Anarchie und Selbstbestimmung – Erinnerungen an Joachim Domann „Schmutz“

Ein Selbstbildnis von Schmutz 2018

In der Nacht vom 18. auf den 19. Mai 2019 ist im Alter von 50 Jahren Joachim Domann, besser bekannt unter seinem Spitznamen Schmutz, in Stuttgart gestorben. In der Stadt am Neckar war er vielen Menschen durch sein extravagantes Äußeres bekannt. Man traf ihn auf Punk- und Indykonzerten, im „Schlesinger“, bei nicht-kommerziellen Festivals wie dem Umsonst und Draußen und zuletzt auch bei Kunstausstellungen und Vernissagen. Ein gefühlvoller Nachruf von Uwe Bogen in der Stuttgarter Zeitung vom 1. Juni 2019 würdigt ihn als „Paradiesvogel“ und lässt den Wirt und Kunstfreund Bernd Heidelbauer zu Wort kommen, der einst in New York lebte und Schmutz in High Heels und Strapsen in der Stuttgarter Straßenbahn kennenlernte. Beide Männer freundeten sich an. „Solche Typen wie ihn habe ich selbst in New York nicht gesehen“ sagt er. Zuletzt arbeitete Schmutz mit einer Stuttgarter Fotografin an einem Projekt zum Thema Fetisch. Sie dürfte damit der Mensch sein, der die letzten Bilder von Schmutz angefertigt hat. Auf seinem Facebook-Profil zeigte er sich selbst gerne in den unterschiedlichsten erotischen Outfits und Posen.
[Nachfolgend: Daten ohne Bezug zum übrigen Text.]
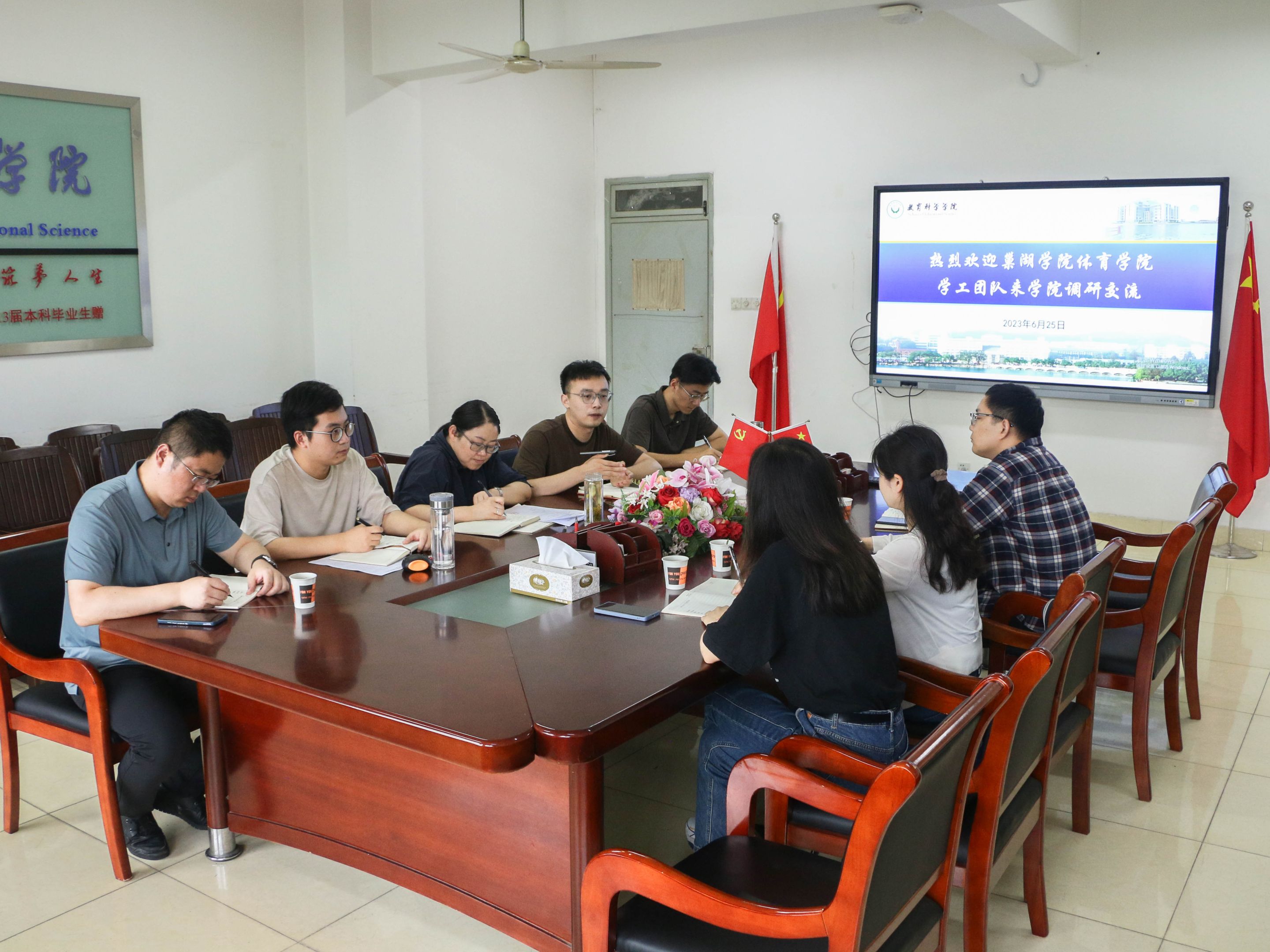 6月25日上午,巢湖学院体育学院党委副书记朱春华、院团委副书记杜锐、辅导员陈荣光等人来我院调研交流。365英国上市官网党委副书记杜凤、体育学院团委书记黄彦锴、365英国上市官网团委书记张理强、副书记付银行、辅导员莫大贡等参加了交流会。

Doch Schmutz war nicht nur ein Zerstörer von bürgerlichen Konventionen im Interesse eines freien und selbstbestimmten Lebens. In den frühen 1990er Jahren gehörte er zu den aktivsten anarchistischen und anarcho-syndikalistischen Genossen Stuttgarts. Aufgewachsen in einem Heim kam er durch die Buchempfehlung eines Erziehers zum Anarchismus und schloss sich 1990 der damals kleinen Gruppe der anarcho-syndikalistischen Freien Arbeiterinnen- und Arbeiter Union (FAU) an. Hier lernten wir uns kennen und schätzen und in den nächsten Jahren verging keine Woche ohne gemeinsame Aktivitäten. Am Aufstieg des Anarchismus in Stuttgart zu dieser Zeit hat Schmutz durch seine offene, bestimmte und freundliche Art seinen Anteil. Schmutz gehörte zu den zuverlässigsten Genossen und war Gründungsmitglied der 1990 gebildeten Anarcho-Syndikalistischen Jugend (ASJ) Stuttgart, die wenig später mehrere dutzend Angehörige in der Stadt und dem Umland umfasste und in den sozialen und politischen Auseinandersetzungen wirkte.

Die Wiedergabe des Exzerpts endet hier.